How to handle mixed encoding in MapReduce Jobs
This feature is available in the Talend MapReduce Jobs since the version 5.6.2 of the Talend solutions with Big Data.
The tHDFSInput component needs to be used to read the source data containing mixed encoding.
In the version 5.6.2 of Talend Studio, the Activate advanced decoder check box has been added to the Advanced settings view of the MapReduce version of the tHDFSInput component to handle mixed encoding.
To properly use this feature, you need to proceed as follows.
The procedure described in this article is to explain this Activate advanced decoder feature only. Activating this feature alone does not allow your MapReduce Job to run successfully.
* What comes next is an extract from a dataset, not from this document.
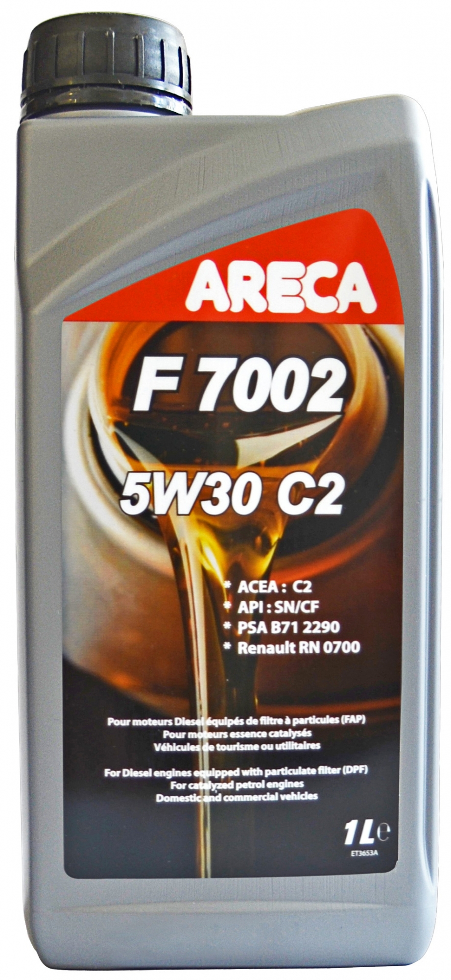 ARECA F7002 5W-30 це малов'язке синтетичне моторне масло, розроблене для сучасних французьких бензинових та дизельних двигунів із застосуванням технології Low SAPS (низький вміст сірки та фосфору). ARECA F7002 5W-30 не порушує роботу систем очищення відпрацьованих газів, у тому числі сажевого фільтра (DPF), має чудові протизносні та енергозберігаючі властивості. ARECA F7002 5W-30 також підходить для низки моделей Fiat, Lancia та нових двигунів Honda, Toyota, Mazda.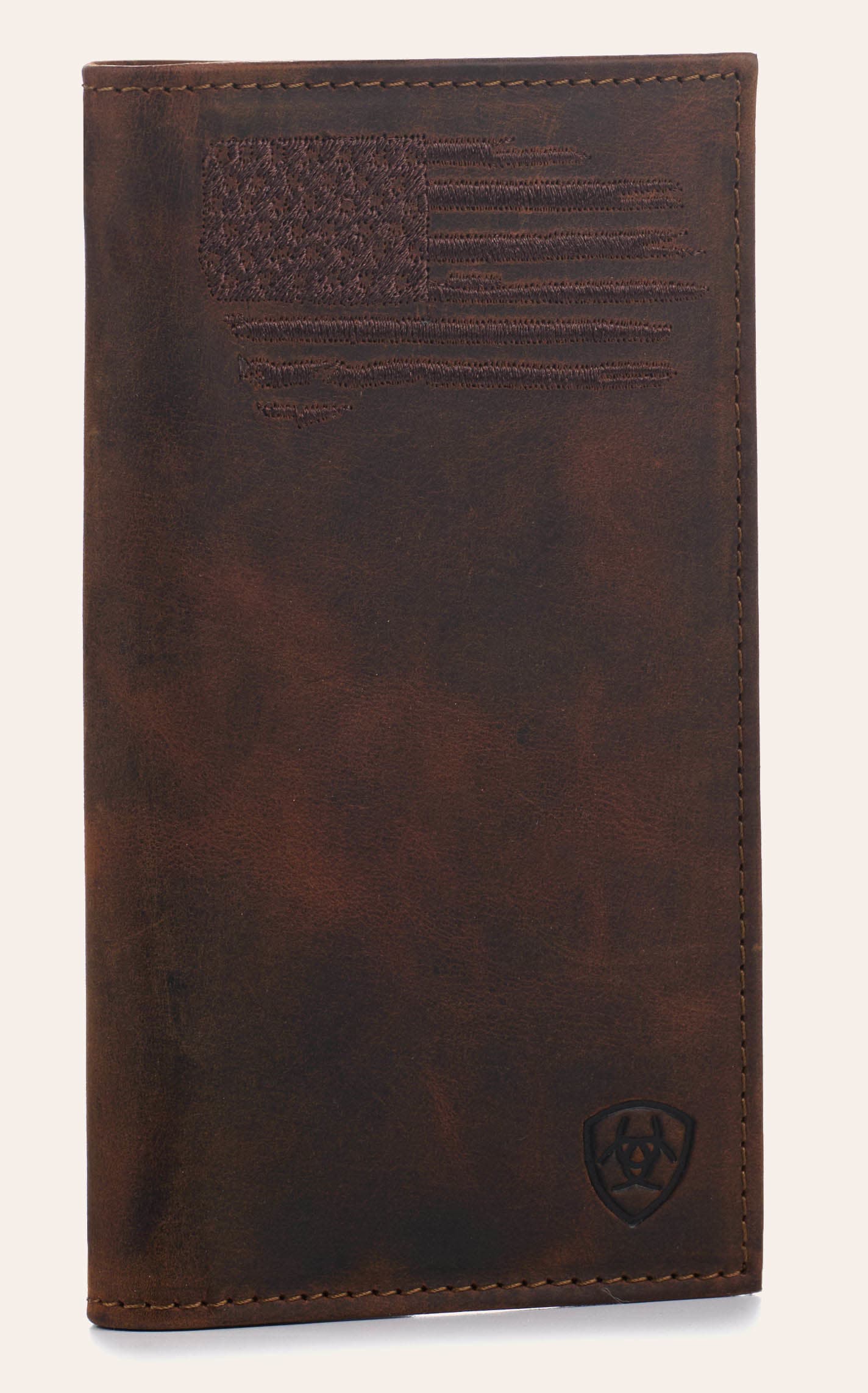 Ariat Men's Chocolate Flag & Shield Logo Rodeo Wallet - NOSZ - From Cavender's

You still need to properly design your Job and configure the connection to the Hadoop cluster to be used.
For further information about how to create a Talend MapReduce Job, see Designing MapReduce Jobs.
- Double-click tHDFSInput to open its Basic settings view.
- Select the Custom encoding check box and from the Encoding drop-down list, select the option that corresponds to the delimiter encoding of the source data to be read. For example, UTF-8 .
- Click the Advanced settings tab to open its view and select the Activate advanced decoder check box.
Now this tHDFSInput component is able to read the mixed encoding.
For further information about the other parameters of tHDFSInput , see tHDFSInput.Capabilities and limitations
This feature requires one of the mixed encoding types to be UTF-8.
The following table presents the encoding types which this feature has been tested to be able to successfully handle while the default decoder of tHDFSInput fails to.
|Principal encoding||Delimiter encoding||Default decoder||Advanced decoder||Comment|
|UTF-8||ISO-8859-15||The delimiter used is the thor letter ( þ ).|
|ISO-8859-15||UTF-8||The delimiter used is the thor letter ( þ ).|